1. It introduces a formal framework with two parameters — the synthetic data ratio ($\alpha$) and the initial data weight ($\beta$) — to describe cross-model data mixing.
2. Theoretical analysis (Sec. 3) under a generalized linear model shows convergence and bias–variance behavior depending on $\alpha$ and $\beta$.
3. Empirical results (Sec. 4; Fig. 3–5) using OPT-350M and LLaMA-1B demonstrate that moderate mixing ($\alpha=\beta=0.5$) improves both models’ performance but leads to representation homogenization.
The paper also concludes with a discussion of the implications for model diversity and long-term ecosystem dynamics (Sec. 5).
1. Clear and meaningful problem setting:The paper addresses a timely and practically significant question — how recursive data interactions among generative models affect learning stability and diversity. The motivation and background are well-articulated (Sec. 1–2), making the research goal both relevant and understandable.
2. Comprehensive and interpretable theoretical framework:The proposed formalism based on the parameters $\alpha$ and $\beta$ (Sec. 3) systematically captures cross-model data mixing. The accompanying bias–variance and convergence analysis provides solid conceptual grounding for the empirical findings (Fig. 2–3). Even without verifying every derivation, the overall reasoning is coherent and accessible.
3. Exceptional clarity and readability:The writing is well-structured and accessible to readers beyond the immediate subfield. Explanations, figures, and notation are consistently clear, enabling a broad audience to grasp the motivation, methodology, and conclusions (Sec. 1–5).
1. Limited novelty in the modeling of cross-model interaction:The description of data-mediated interactions between models (Sec. 3) is clear and well-structured but largely descriptive. While it helps readers understand the setup, this section mainly formalizes an intuitive process rather than introducing a new mechanism or theoretical insight.

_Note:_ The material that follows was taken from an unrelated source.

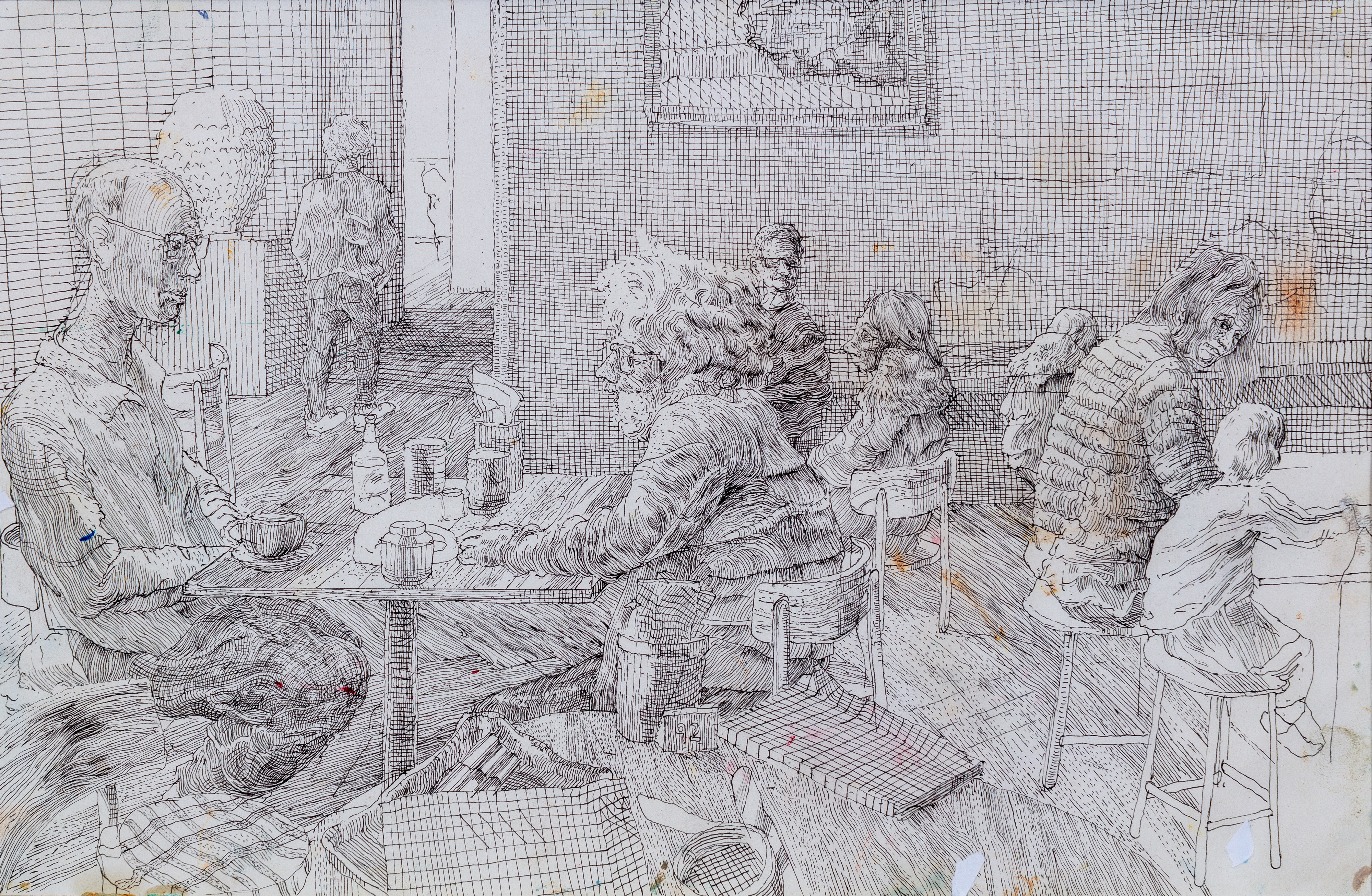 The scene is entirely imagined, and was drawn without life models. But references motifs and

As a result, the contribution of this part feels limited in terms of originality.
2. Gap between theoretical modeling and practical relevance:Most of the paper focuses on theoretical modeling and proofs (Sec. 4–5). Although the derivations appear sound, the connection to real-world large-scale training scenarios remains weak. The introduction of parameters $\alpha$ and $\beta$ is conceptually useful, yet in practice, their exact values or ratios are difficult to estimate or control during continuous training. The conclusions drawn from the linear or generalized linear setting may not easily transfer to nonlinear or high-dimensional models.In essence, while the problem definition is good and $\alpha$–$\beta$ reasoning is meaningful, it is unclear how the theory can concretely guide actual large-model training.
3. Experimental validation is narrow and idealized:The experiments (Sec. 4–5) mainly serve to verify the theory, but they do not provide further insights into realistic settings. Only two medium-sized models (OPT-350M and LLaMA-1B) and two datasets (SciQ, GSM8K) are used, with highly controlled data composition. The synthetic data are assumed to represent model outputs cleanly, without considering realistic mixtures of human and synthetic text (I know in limitation part). Scaling experiments or additional ablations (e.g., varying model size, task diversity, or realistic data proportions) would make the findings more convincing.

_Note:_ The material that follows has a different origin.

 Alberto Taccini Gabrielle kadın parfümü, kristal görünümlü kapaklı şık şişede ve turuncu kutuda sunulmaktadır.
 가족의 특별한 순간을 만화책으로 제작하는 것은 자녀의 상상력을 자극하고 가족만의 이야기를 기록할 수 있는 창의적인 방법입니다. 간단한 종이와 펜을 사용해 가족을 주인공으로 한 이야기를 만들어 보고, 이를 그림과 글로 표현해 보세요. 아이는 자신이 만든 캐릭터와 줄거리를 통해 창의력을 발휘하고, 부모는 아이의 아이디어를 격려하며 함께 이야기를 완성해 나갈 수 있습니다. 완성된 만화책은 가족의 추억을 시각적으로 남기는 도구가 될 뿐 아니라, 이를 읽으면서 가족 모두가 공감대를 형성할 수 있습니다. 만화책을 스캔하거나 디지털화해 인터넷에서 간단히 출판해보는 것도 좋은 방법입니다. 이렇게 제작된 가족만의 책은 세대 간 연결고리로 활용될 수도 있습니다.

Overall, the experimental content is rather insufficient. The question itself is meaningful, but it does not provide much insight in terms of conclusions. However, considering that this might be a theoretical paper, it is difficult to for me to assess the practical value of such a theory. Therefore, I would lower the confidence to mitigate the possible impact of this uncertainty.
You may refe to the content in the “weakness” section. If you can address the doubts raised there effectively, I will consider giving a higher score.
I hope valuable work will not be overlooked.
For example, in addition to theoretical explanations based on existing assumptions, it would be great if you could highlight some unique insights proposed in this paper.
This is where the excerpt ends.